_TASK INSTRUCTIONS_
Begin with the first line of the listing and quote every line through the one containing "后区跨度:后区近9期跨度分别"; give only those lines.

Top of MATERIAL FOR THIS EXERCISE

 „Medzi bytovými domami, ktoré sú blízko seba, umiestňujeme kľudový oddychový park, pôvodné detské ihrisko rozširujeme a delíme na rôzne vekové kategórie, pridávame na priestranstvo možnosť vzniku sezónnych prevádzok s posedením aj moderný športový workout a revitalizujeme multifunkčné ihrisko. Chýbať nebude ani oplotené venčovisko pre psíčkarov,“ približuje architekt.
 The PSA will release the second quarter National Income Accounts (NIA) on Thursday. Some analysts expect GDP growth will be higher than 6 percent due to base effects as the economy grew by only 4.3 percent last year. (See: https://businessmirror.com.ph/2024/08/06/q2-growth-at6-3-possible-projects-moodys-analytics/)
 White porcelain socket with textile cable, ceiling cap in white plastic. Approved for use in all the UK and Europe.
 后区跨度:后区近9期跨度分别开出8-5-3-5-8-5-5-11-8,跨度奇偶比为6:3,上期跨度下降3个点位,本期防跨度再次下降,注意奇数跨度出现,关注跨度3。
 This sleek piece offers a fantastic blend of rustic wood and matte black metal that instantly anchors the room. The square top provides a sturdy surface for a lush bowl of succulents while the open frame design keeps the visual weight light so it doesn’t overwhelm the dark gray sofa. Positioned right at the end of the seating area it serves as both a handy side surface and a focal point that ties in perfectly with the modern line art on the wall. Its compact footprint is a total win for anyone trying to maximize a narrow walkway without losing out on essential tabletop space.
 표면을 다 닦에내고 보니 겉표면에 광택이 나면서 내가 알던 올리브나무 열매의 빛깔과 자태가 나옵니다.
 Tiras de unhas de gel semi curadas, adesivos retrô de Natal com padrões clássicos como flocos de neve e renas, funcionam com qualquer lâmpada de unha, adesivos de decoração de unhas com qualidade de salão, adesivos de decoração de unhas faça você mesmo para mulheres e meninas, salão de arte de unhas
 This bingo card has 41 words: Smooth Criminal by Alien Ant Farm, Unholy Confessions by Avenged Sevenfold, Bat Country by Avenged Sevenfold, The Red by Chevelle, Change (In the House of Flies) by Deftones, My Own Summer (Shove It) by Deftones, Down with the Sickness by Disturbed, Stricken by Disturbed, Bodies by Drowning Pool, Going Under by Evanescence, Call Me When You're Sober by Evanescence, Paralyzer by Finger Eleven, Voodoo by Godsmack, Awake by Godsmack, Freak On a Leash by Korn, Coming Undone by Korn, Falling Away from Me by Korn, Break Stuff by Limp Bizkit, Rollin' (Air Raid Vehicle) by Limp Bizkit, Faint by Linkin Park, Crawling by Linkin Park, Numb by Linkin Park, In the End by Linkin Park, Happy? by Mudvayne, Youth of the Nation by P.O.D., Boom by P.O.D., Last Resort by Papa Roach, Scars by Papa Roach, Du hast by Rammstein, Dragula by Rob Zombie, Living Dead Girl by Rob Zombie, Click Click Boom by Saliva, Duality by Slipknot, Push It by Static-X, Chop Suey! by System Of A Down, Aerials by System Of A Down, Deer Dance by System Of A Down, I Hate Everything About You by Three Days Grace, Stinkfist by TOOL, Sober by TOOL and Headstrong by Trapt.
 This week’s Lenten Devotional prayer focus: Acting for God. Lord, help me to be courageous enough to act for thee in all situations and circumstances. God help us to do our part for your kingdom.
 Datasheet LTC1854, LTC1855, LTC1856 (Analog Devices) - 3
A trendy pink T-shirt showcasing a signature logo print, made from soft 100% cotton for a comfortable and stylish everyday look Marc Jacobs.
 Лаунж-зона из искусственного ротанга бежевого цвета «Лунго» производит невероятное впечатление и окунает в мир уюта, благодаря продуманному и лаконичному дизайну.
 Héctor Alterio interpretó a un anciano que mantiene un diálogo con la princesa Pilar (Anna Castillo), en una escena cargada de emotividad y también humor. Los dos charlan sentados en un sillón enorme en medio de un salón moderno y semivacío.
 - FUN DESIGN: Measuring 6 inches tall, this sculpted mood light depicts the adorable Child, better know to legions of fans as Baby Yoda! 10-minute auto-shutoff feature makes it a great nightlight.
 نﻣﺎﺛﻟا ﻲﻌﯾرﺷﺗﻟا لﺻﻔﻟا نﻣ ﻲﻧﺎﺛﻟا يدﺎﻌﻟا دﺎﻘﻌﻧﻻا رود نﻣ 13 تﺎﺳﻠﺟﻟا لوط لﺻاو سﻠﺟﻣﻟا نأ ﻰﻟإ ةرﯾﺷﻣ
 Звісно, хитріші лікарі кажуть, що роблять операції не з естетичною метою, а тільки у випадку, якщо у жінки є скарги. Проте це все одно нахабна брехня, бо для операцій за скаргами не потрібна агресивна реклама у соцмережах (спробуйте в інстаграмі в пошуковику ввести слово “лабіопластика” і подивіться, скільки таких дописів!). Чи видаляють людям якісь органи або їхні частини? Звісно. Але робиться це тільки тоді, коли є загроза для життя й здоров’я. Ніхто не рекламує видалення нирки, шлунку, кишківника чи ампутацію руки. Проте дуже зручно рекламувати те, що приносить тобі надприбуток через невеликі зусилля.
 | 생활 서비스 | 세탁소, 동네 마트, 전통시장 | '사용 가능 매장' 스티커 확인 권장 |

Bottom of MATERIAL FOR THIS EXERCISE

_ANSWER SECTION_
 „Medzi bytovými domami, ktoré sú blízko seba, umiestňujeme kľudový oddychový park, pôvodné detské ihrisko rozširujeme a delíme na rôzne vekové kategórie, pridávame na priestranstvo možnosť vzniku sezónnych prevádzok s posedením aj moderný športový workout a revitalizujeme multifunkčné ihrisko. Chýbať nebude ani oplotené venčovisko pre psíčkarov,“ približuje architekt.
 The PSA will release the second quarter National Income Accounts (NIA) on Thursday. Some analysts expect GDP growth will be higher than 6 percent due to base effects as the economy grew by only 4.3 percent last year. (See: https://businessmirror.com.ph/2024/08/06/q2-growth-at6-3-possible-projects-moodys-analytics/)
 White porcelain socket with textile cable, ceiling cap in white plastic. Approved for use in all the UK and Europe.
 后区跨度:后区近9期跨度分别开出8-5-3-5-8-5-5-11-8,跨度奇偶比为6:3,上期跨度下降3个点位,本期防跨度再次下降,注意奇数跨度出现,关注跨度3。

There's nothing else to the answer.